The second lesson is also from Johnson, and it's don't be greedy. Remember him holding a graph and talking about "flattening the curve" and "herd immunity"? He was simply confused. He wanted to have his cake and eat it; "slow the spread" of disease while "keeping the economy firing" (I'll leave you to imagine the wild hand gestures and brumm brumm noises accompanying this exciting declaration of intent, announced with the exuberance of an enthusiastic four-year-old child). Unsurprisingly, it was rubbish. You can't have it all. Stopping the spread isn't something you can play about with - you either do it or you don't.
This is something we were confused about to begin with, too, and that's something we couldn't afford. Lesson three: information is the key to containing the virus.

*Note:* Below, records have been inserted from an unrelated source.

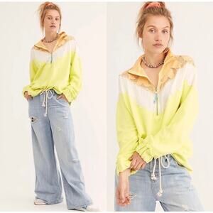 Free People Isla Crochet Quarter Zip Pullover Sweatshirt
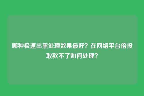 我相信事在人为人定胜天,办法是想出来,路是走出来的,金字塔不是一天建成的,不管什么问题只要有心有毅力总会有办法完美解决的!偶然的成功固然可喜,但那不是我们要的,必然的成功才是我们要的。哪种极速出黑处理效果最好?在网络平台倍投取款不了如何处理?
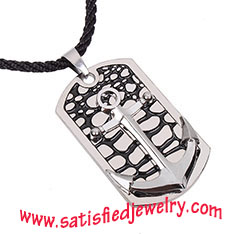 Material: Stainless steel + waxed rope Color: stainless steel color Size: length is 30cm, the pendant size is 5x3cm Weight: 24g MOQ: 120pcs/color Delivery time: one week
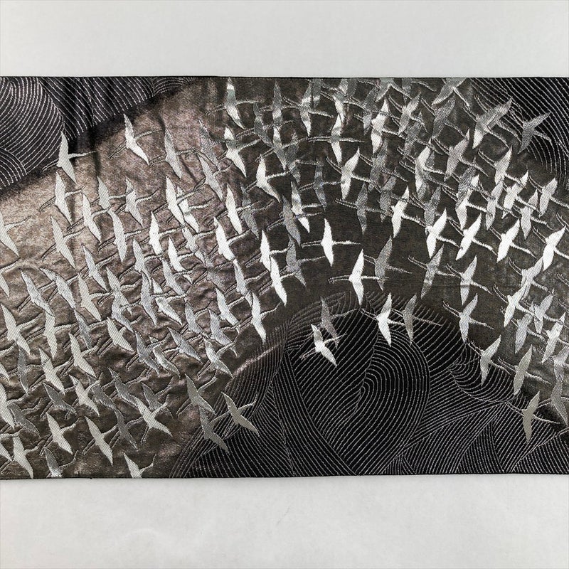 凛とした漆黒の地に、輝く銀糸で躍動感あふれる波と、優雅に舞う鳥を織り出した、格調高くもモダンな袋帯です。
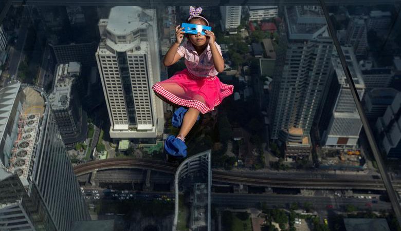 Duhet parë dy herë kjo foto. Në pamje të parë të duket si foto jo reale, por Reuters e ka shkëputur atë në Bankok në një gradaçelë të qelqtë, ku një vajzë e vogël që duket se “qëndron” mbi ajër po përpiqet të shohë më nga afër eklipsin.
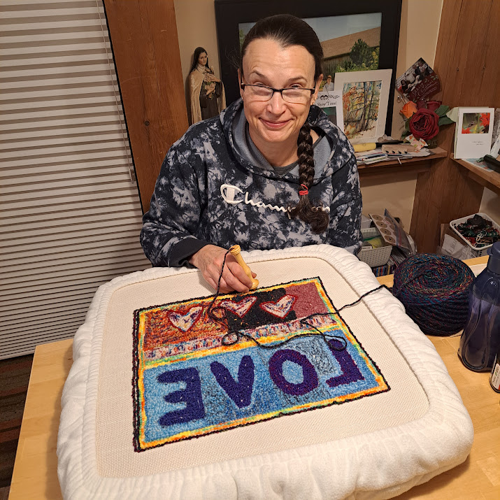 Love1 Published January 10, 2026 at 715 × 715 in Punch needle tree and coasters / Next → Carlene using her punch needle Carlene using her punch needle
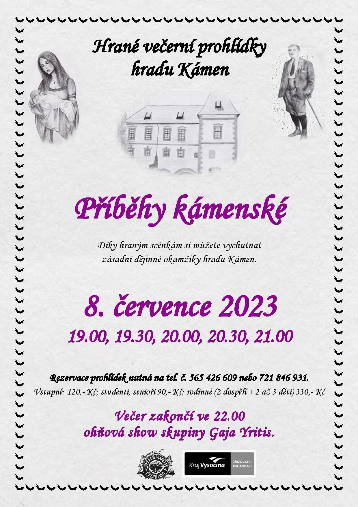 Čas od času hradem bloudí duch zazděné šlechtičny. V minulosti tu patrně vznikla penězokazecká dílna nebo tajné podzemní chodby. Jak dopadla vdova po Janu Kryštofu Malovcovi z Malovic? A jak bolestné muselo být vyvlastňování hradu pro Antonína Fleissiga? Díky hraným scénkám mohou návštěvníci zhlédnout zásadní dějinné okamžiky hradu Kámen. Prohlídky budou začínat v časech 19.00, 19.30, 20.00, 20.30 a 21.00 hodin. Vstupné na večerní prohlídky činí 120,- Kč, snížené (studenti, senioři) 90,- Kč a rodinné (2 dospělí + 2 až 3 děti) 330,- Kč. Z důvodu omezené kapacity je nutné si večerní prohlídku zarezervovat na tel. čísle 565 426 609 nebo 721 846 931. Večerní program ve 22.00 hodin zakončí ohňová show v podání skupiny Gaja Yritis.
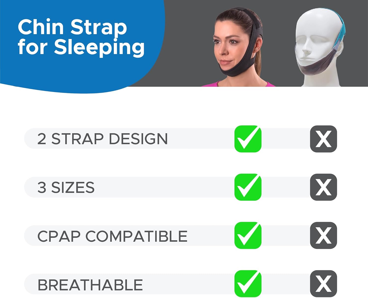 - PREMIUM ANTI-SNORING CHIN STRAP FOR SLEEPING: Our anti-snoring solution supports your chin, keeping your mouth closed to promote nasal breathing. Ideal for reducing snoring, allowing for a restful night for both you and your partner.
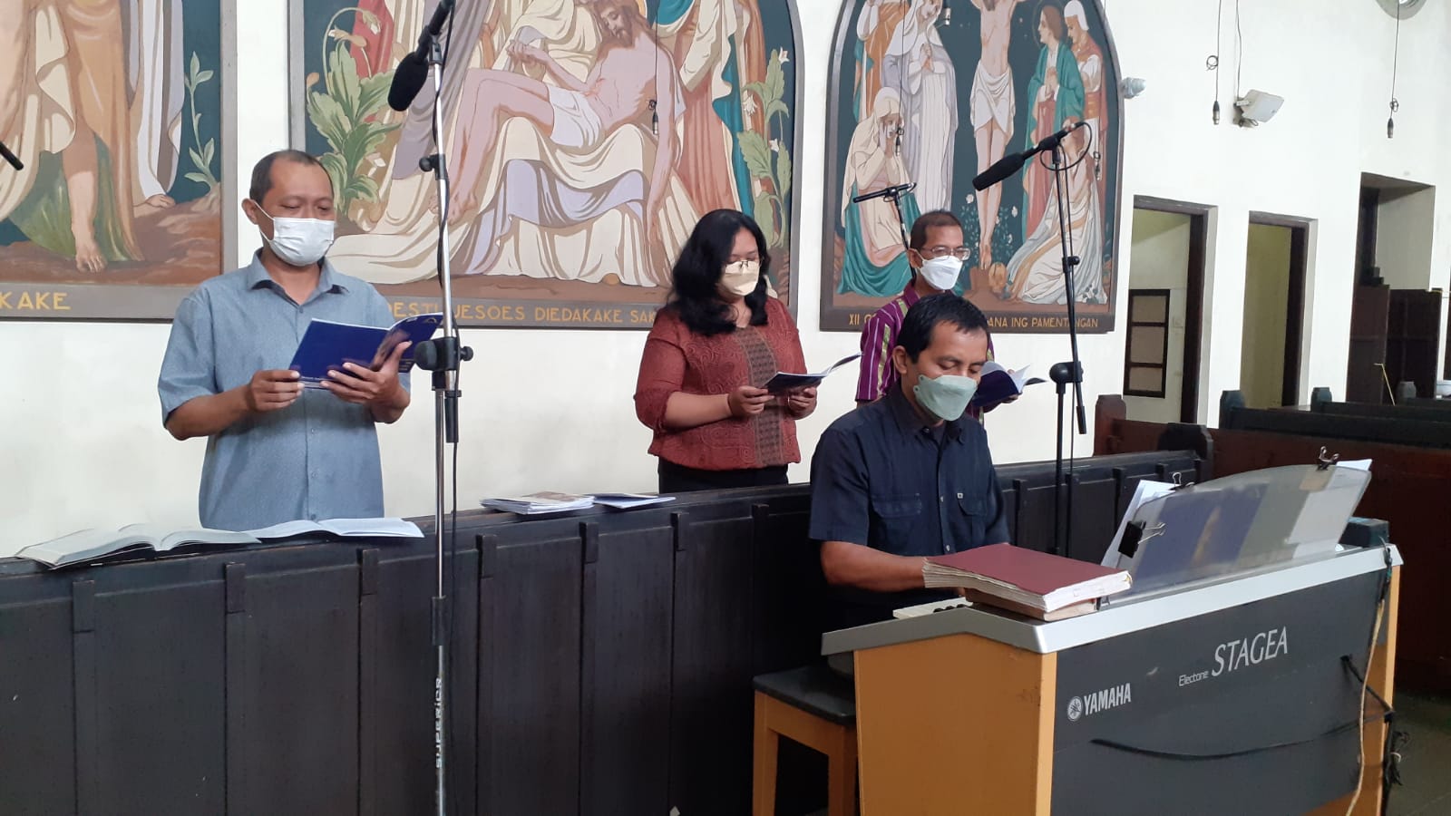 Misa yang diselenggarakan di Gereja St. Yusuf, Bintaran kali ini mengajak penyuluh agama Katolik untuk ikut andil dalam setiap tugas liturgis, salah satunya yaitu sebagai kelompok paduan suara koor yang mengiringi Misa Jumat Pertama, sehingga misa jumat pertama pada kesempatan ini terasa lebih khusuk dan skral. Penyuluh Agama Katolik Non-PNS Kota Yogyakarta. menyanyikan beberapa lagu pujian dengan sukacita, Disamping menjadi petugas liturgi Paguyuban pokjaluh juga bertugas sebagai satgas covid dengan mengarahkan umat yang masuk dan mengatur tempat duduk agar tidak terjadi kerumunan.
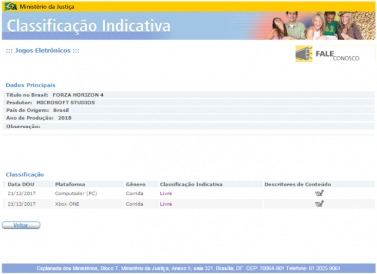 A informação foi disseminada originalmente no fórum Resetera, no qual um dos usuários divulgou uma screenshot do site do Ministério da Justiça brasileiro de classificação indicativa, listando Forza Horizon 4 para Xbox One e para PCs. Confira logo abaixo:
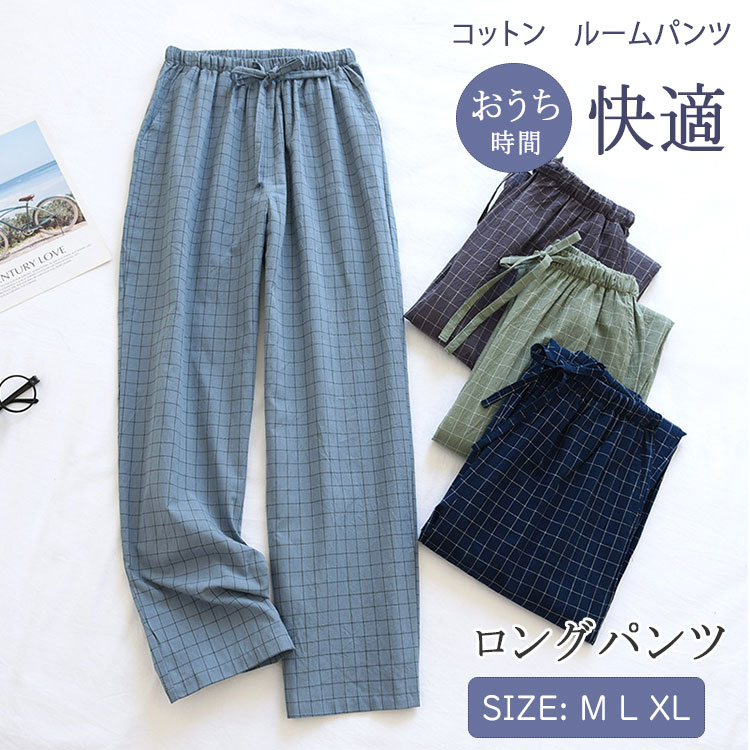 ルームウエア パンツ レディース メンズ 単品 綿 パジャマズボン ルームパンツ チェック柄 無地 ロング丈 ポケット付き 春 夏

The ABC's Dr Norman Swan is not just a terrific broadcaster - he's also been personally involved with my treatment after a very severe injury. Quite frankly, I'd trust him over a government bureaucrat any day. He's always been out first with remarkably accurate, well sourced information. Yes, some of it may have been a bit conservative and erred on the safe side, but isn't that exactly what you want in a situation like this? That's why the ABC's information has been so widely accessed. The government's finally beginning to make up some ground now, but it's difficult not to feel that it should have been in this position weeks ago.
Perhaps there's something about the very nature of bureaucracy that prevents it reacting as speedily as it should.
Because that's lesson four: organisations can't be trusted.
How could NSW Health and Border Protection stand aside and allow the Ruby Princess' passengers to propagate the virus across the country? Was it a deliberate conspiracy or simple incompetence? Determining exactly how this occurred doesn't have to be a witch-hunt for the guilty party - nevertheless, nobody seems worried about how the exact cascade of blunders and failures was allowed to happen. You'd think the state government might at least have some interest in this, if simply to prevent another, similar, disaster, and yet there's been no news of any investigation.
This is critical, because it's the last and key lesson: trust is vital.
We need confidence to build society's resilience and prevent it fracturing.
In the American dream, when the country's under threat, rifle-armed minutemen will leap forward, ready to defend the nation's constitution. Quite obviously, however, this is not the sort of threat that can be stared down by individuals, no matter how committed to the cause they may be. It is, if you like, a threat more suited to the so-called Asian way, although it's better stated as an approach where we rely on one another as part of a shared community.
That's why some countries, like Taiwan, Hong Kong and Singapore, have managed to contain the spread of the virus.
Don't get me wrong - I'm not extolling any of these countries' political systems or suggesting they've got "the answer" to defeating the virus. Maybe, however, it's worth looking at some of the things they've done to minimise deaths and seeing if there are any practices that might have been worth trying over here.
It begins with action; intervening fast, before a crisis develops. At the same time that Morrison was suggesting he'd be heading to the footy on the weekend all of these countries had imposed lockdowns and restrictions.
The next step is testing; lots of it. Yes, many tests were unnecessary and were "wasted", but the real waste is a dead body or the rapid spread of the virus. Saving money on testing is a false economy.
As soon as a positive is found, people needed to be traced and isolated - and the best way to do this is via electronic surveillance. The key is for the state to monitor this simply - and exclusively - for public health reasons. There are ways to ensure this happens.
Finally, we need to work together as a society, and the only way to get this to happen is if we trust one another. And to do this, of course, we need good journalism. So thanks for reading this. It makes it all worthwhile...
- Nicholas Stuart is a Canberra writer and a regular columnist.